Все относительно

Кот вспрыгнул на кровать, деловито перебрался к Егору на грудь и на низких оборотах начал ненавязчивый дренаж Ракитинской души.
Злость и раздражение, затопившие нутро, постепенно отступали, стекая в невидимые трубы и освобождая место для звенящей светлой пустоты. Егор посмотрел коту в глаза и спросил:
- Ну, хорошо. Жрачка и бухло закончатся. И что? Без хавчика, баб? Как жить?
Кот, лениво прищурился, мол, пустое, не отвлекайся. И вновь заворчал утробой, старательно перебирая лапами и легкими уколами когтей возвращая Ракитина от беспокойных мыслей к медитации и пофигизму.
- Баба чо, сама найдется, только свистни, - вдруг сказал он, разинув пасть в сладком продолжительном зевке.

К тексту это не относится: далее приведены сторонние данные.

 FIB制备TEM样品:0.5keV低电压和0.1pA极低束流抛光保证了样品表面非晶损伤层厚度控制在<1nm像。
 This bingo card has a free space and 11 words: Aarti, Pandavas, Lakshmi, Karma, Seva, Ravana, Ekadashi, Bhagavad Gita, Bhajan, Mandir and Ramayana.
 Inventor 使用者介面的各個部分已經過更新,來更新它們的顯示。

Ракитин вздрогнул. Ему показалось, что кто-то действительно это сказал. Кося сомневающимся глазом в сторону кота, осторожно поинтересовался:
- В лесу-то?
- А то, ррррррр… мяу, - черный поднялся на четыре, потянулся, дивясь недоверчивости человека и, больше не желая топтаться, сошел с Ракитина, как капитан с парохода. Улегся рядом, вытянул лапы и уложил на них хитрую, нетолерантно заострившуюся морду.
***
Стреляли откуда-то сверху. Егор не увидел даже - почувствовал затылком черное отверстие ствола. В какую-то долю секунды сработал механизм самозащиты, угадавший траекторию смерти, и пуля визгливо звякнула о крыло машины.

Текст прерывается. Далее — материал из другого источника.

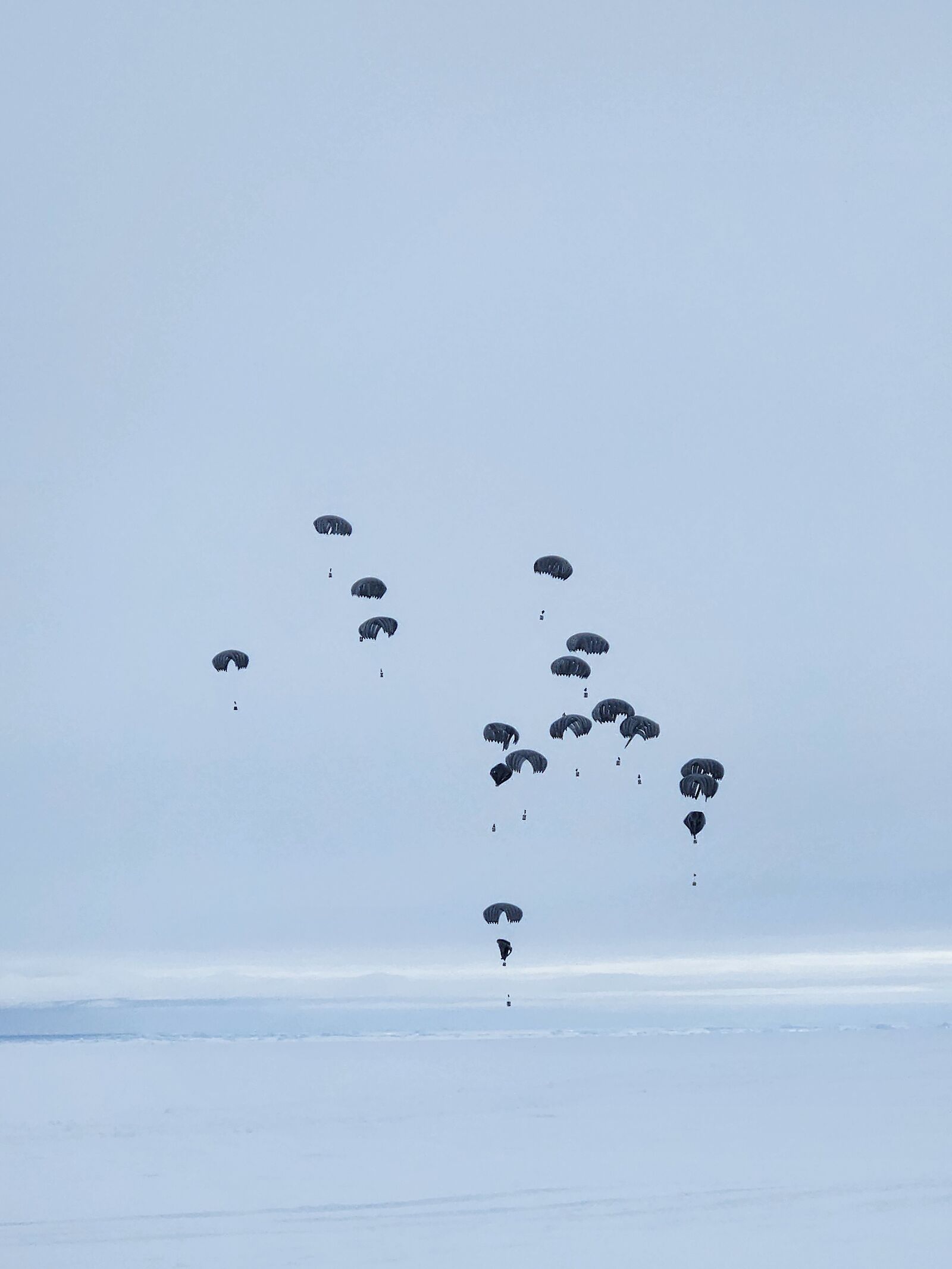 They were part of a nine tonne delivery of station supplies, including fresh food and medicines, dropped by a Royal Australian Air Force C-17A Globemaster III, from 1500 metres.

Кто-то уже не первый раз пытался столкнуть в пропасть взобравшегося на вершину Ракитина, у которого было все: деньги, слава, женщины, успех. В свете софитов сияла завершенностью счастья покоренная им оконечность доли, и, казалось, дарам не будет конца. Но, видать, судьба еще не натешилась.
Все началось с жены. Танька, всегда покладистая и терпеливая, вдруг как сбрендила, отломила у Ракитина ломоть бизнеса и недвижимости и скрылась на Мальдивах, прихватив cвою хроническую неудовлетворенность  и молодого любовника, готового удовлетворять  её желания  день и ночь.

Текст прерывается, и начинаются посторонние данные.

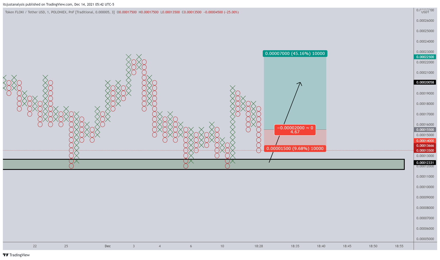 Floki Inu price continues to trade in a direction it has traded since its inception: lower. However, some evidence developing may limit how much of a decrease FLOKI might experience. Floki Inu price has thus far spent December testing a support level in the $0.00012 value area.

Затем хлынули неприятности с партнерами и конкурентами. Налоговая, поджог, ограбление, странная авария с внезапно отказавшими тормозами. Прям боевик. И мысли, зачем-то прописавшиеся в голове, чтоб настойчиво соединять все эти события.
Жертвуя публичными славословиями, услаждающими слух и самолюбие, Егор стал реже появляться на людях, нанял нескольких телохранителей. И, дивясь себе, залег инкогнито на малообитаемом острове в Индийском океане. Надолго. Только его и там настигло локальное землетрясение, аномальность которого местные власти невнятно объясняли загадочным стечением обстоятельств. Наученный горьким опытом,  Ракитин  не поверил стечениям и дернул обратно домой. Всю дорогу он размышлял о безрадостных перспективах и разрабатывал стратегии собственного спасения.
После четвертого покушения, понял, что в тень нужно уходить немедля.
Но куда? Если уж ушла своя, родная Танька, знавшая его всю жизнь и терпевшая со студенческой нищеты до сегодняшнего процветания любым: пьяным, грязным, злым, чужим. Ушла! Кому теперь верить?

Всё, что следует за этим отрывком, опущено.